• _Task brief_: Transcribe all the entries word for word, but omit the images.

• _Entries shown_:
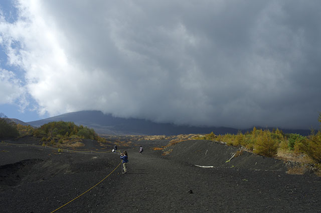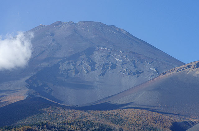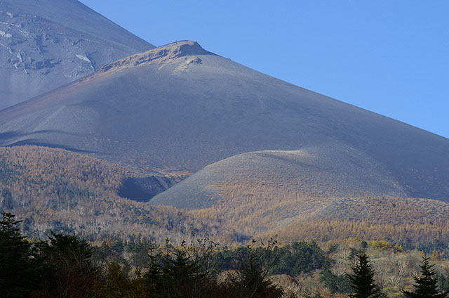 荒涼とした不毛地帯が続く御殿場コースとは対称的に御殿場口の西側一体はカラマツ林や広葉樹林帯が生い茂るとても楽しい樹林帯が続いている.富士山の周辺は下界よりも一足早く紅葉を迎えているようなので、膜岩ハイキングコースをお散歩してきた.
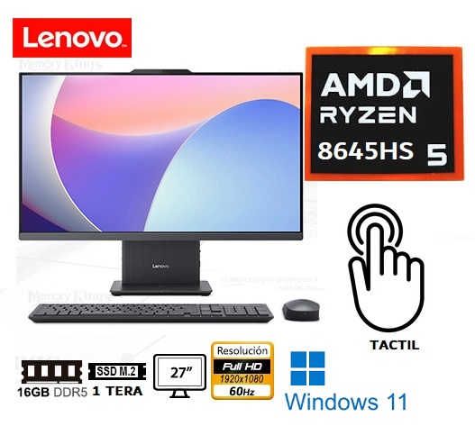 - Pantalla táctil de 27″ IPS FHD (1920 x 1080) antirreflejo
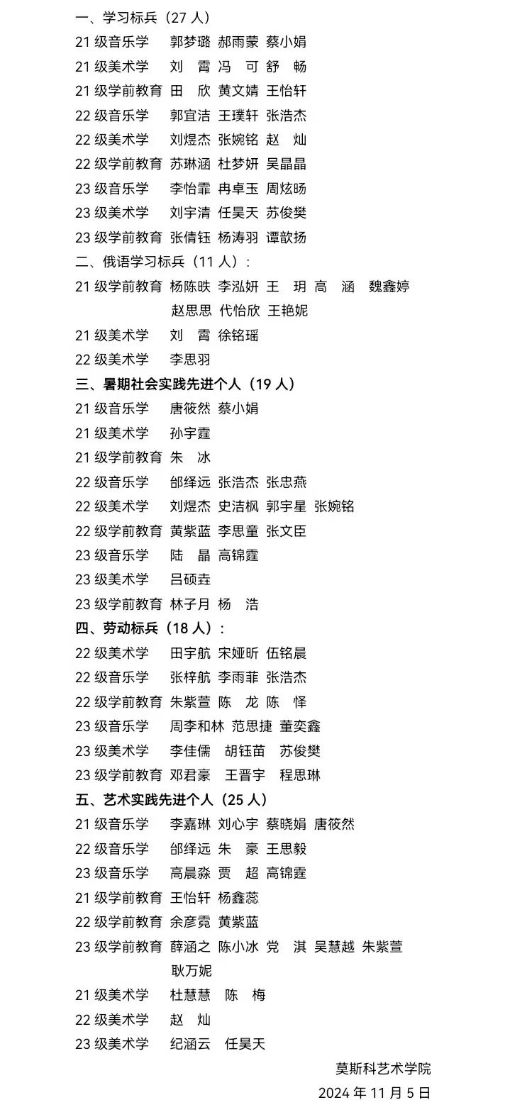 公司为树立典型,鼓励先进,凝聚力量,总结经验,进一步激励莫艺学子奋发作为,推动公司各项事业高质量发展,经员工工作领导小组会议研究决定,对在2024年学风建设活动中表现突出的100名员工予以表彰,授予“先进个人”称号。
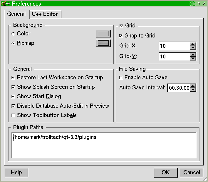 The 'General' tab has sections for Background, Grid, General, File Saving, and Plugin Paths.
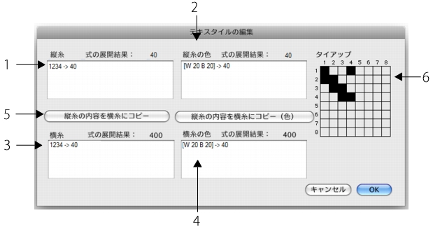[縦糸] 領域内の値は、テキスタイルの縦糸を織る順番を指定します。

• _Result for this task_:
 荒涼とした不毛地帯が続く御殿場コースとは対称的に御殿場口の西側一体はカラマツ林や広葉樹林帯が生い茂るとても楽しい樹林帯が続いている.富士山の周辺は下界よりも一足早く紅葉を迎えているようなので、膜岩ハイキングコースをお散歩してきた.
 - Pantalla táctil de 27″ IPS FHD (1920 x 1080) antirreflejo
 公司为树立典型,鼓励先进,凝聚力量,总结经验,进一步激励莫艺学子奋发作为,推动公司各项事业高质量发展,经员工工作领导小组会议研究决定,对在2024年学风建设活动中表现突出的100名员工予以表彰,授予“先进个人”称号。
 The 'General' tab has sections for Background, Grid, General, File Saving, and Plugin Paths.
[縦糸] 領域内の値は、テキスタイルの縦糸を織る順番を指定します。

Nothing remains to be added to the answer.